ブドウ膜炎も角膜炎や角膜潰瘍も、猫の場合猫ヘルペスウイルスに関連して起こることがあります。
ヘルペスウイルスは子猫のときに感染することが多い感染症で、一度感染すると症状が一旦回復しても神経節などに潜伏感染し、生涯体からウイルスを排除することはできません。
しかし、ワクチンで免疫を付けることで発症を防ぐことができます。
定期的にワクチンを追加接種し、免疫を維持するようにしましょう。
室内飼育するようにしましょう。
できるだけ外には出さず、室内飼育を徹底することで様々な感染症を予防できます。
また、猫同士のケンカによる目の外傷が起こるリスクも減らすことができると考えられます。
猫の「左右の眼の色が違う」症状の治療方法について
ブドウ膜炎は点眼薬と内服薬で治療します。
ブドウ膜炎が原因の場合、まずはブドウ膜炎が起こった原因をさらに調べることが必要です。
そのうえで原因疾患に対する治療と合わせて、ブドウ膜の炎症を抑える治療を点眼薬や内服薬で行います。
ブドウ膜炎の原因疾患として白内障や水晶体脱臼がある場合、外科手術が必要になるケースもあります。
眼の手術は専門性が高いため、眼科専門医を受診しましょう。
角膜を保護する治療を行います。
角膜炎や角膜潰瘍が原因の場合、角膜に起こっている炎症を抑えつつ角膜を保護して治療を行います。
基本的には角膜保護剤の点眼と消炎剤による治療を行いますが、瞼や顔の構造上、慢性的に睫毛や被毛が目に刺激を与えていることが原因の場合、手術によって瞼の形成を行うなどといった外科的な処置が必要になるケースもあります。
ウイルス疾患などの感染症が原因の場合は、インターフェロンや抗生物質などを原因疾患に合わせて投与します。

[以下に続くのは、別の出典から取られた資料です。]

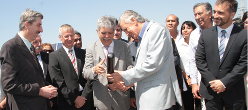 San Juan, 24 de octubre.- Con 1.574 millones de pesos de inversión en su haber, este mediodía se colocó la piedra fundacional de la fábrica de paneles solares en un predio de 9 de Julio, que se estima esté lista en diciembre del 2015. Del acto participaron el ministro de Planificación Federal, Julio De Vido, junto al gobernador Gioja y el embajador de Alemania en la República Argentina, además de los directivos de la compañía teutona encargada de la obra, Schmid Group.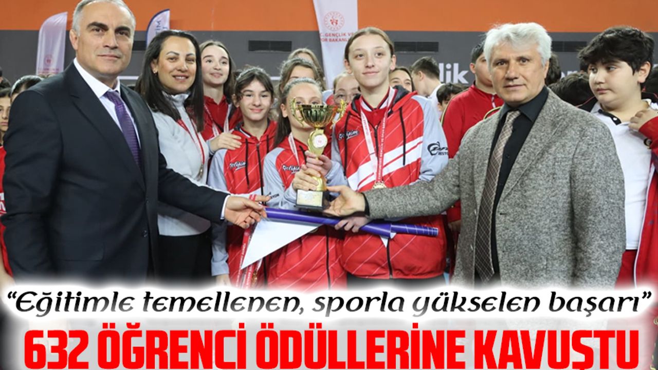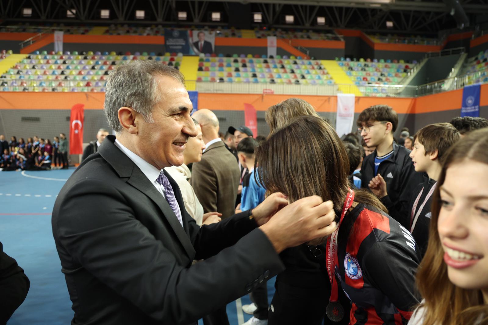 “Bugün burada; akademik çalışmalarının yanı sıra spor organizasyonlarına verdikleri katkılarla öne çıkan 33 okulumuzdan 632 öğrencimizin ödül takdimini gerçekleştirmek üzere bir araya geldik. Bu başarıda emeği geçen tüm okullarımıza, öğretmenlerimize, yöneticilerimize ve sevgili öğrencilerimize teşekkür ediyorum,” dedi.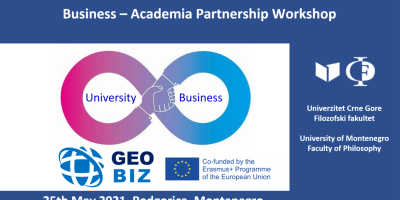 U okviru Erasmus+ CBHE projekta “[geobiz.eu/]Business driven problem-based learning for academic excellence in geoinformatics – GEOBIZ” koordinator kojeg je Geodetski fakultet, održava se [geobiz.eu/news13-2/]Radionica o suradnji poslovnog i akademskog sektora (Business-Academia Cooperation Workshop) u poticanju primjene naprednih tehnologija u području geoinformatike u akademskom obrazovanju i poslovnom sektoru.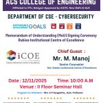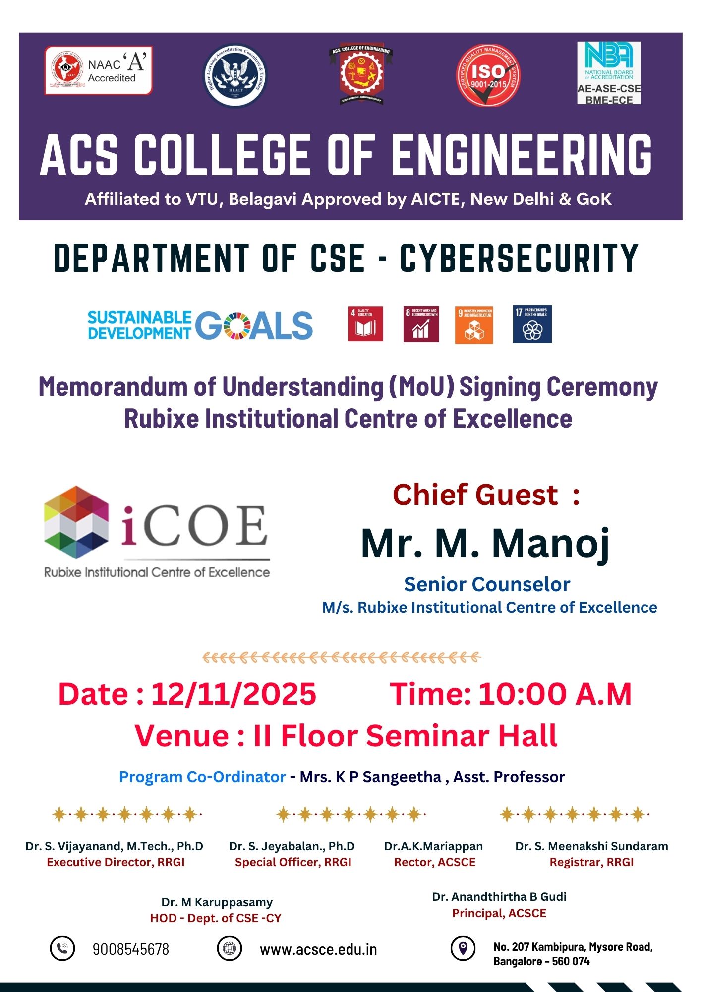 The Department of Computer Science and Engineering, ACS College of Engineering, is organizing a Memorandum of Understanding (MoU) Signing Ceremony with Rubixe Institutional Centre of Excellence.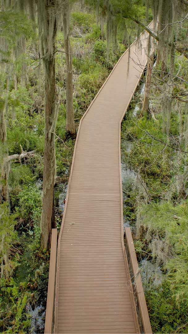 Wagen Sie es, in diesen dichten Sumpf einzutauchen? Bäume mit Spanischem Moos über der Uferpromenade im Okefenokee-Sumpf, Georgia, USA (© Emmer Photo/Alamy)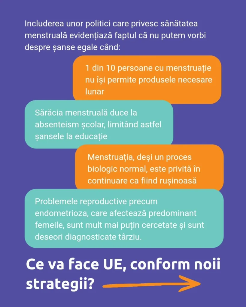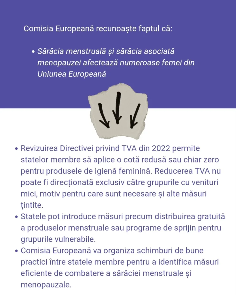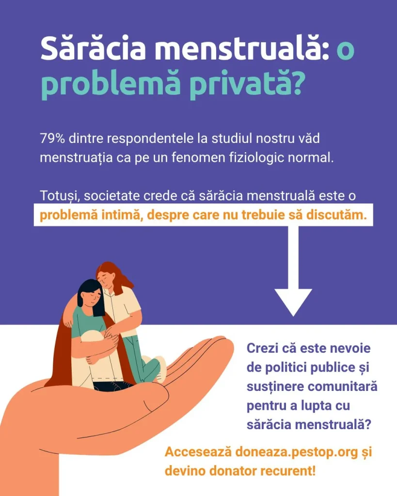- oferirea gratuită de produse menstruale pentru persoanele care nu au acces constant la ele.

眼の腫瘍が原因の場合は手術や抗がん剤治療を行います。
猫の眼の腫瘍の多くは、治療のために眼球摘出が必要になります。
メラノーマのように悪性であっても、転移が起こる前に早期に摘出できれば予後は比較的良いとされています。
全身性のリンパ腫が目にも発症したと考えられる場合には抗ガン剤による治療を行うこともあります。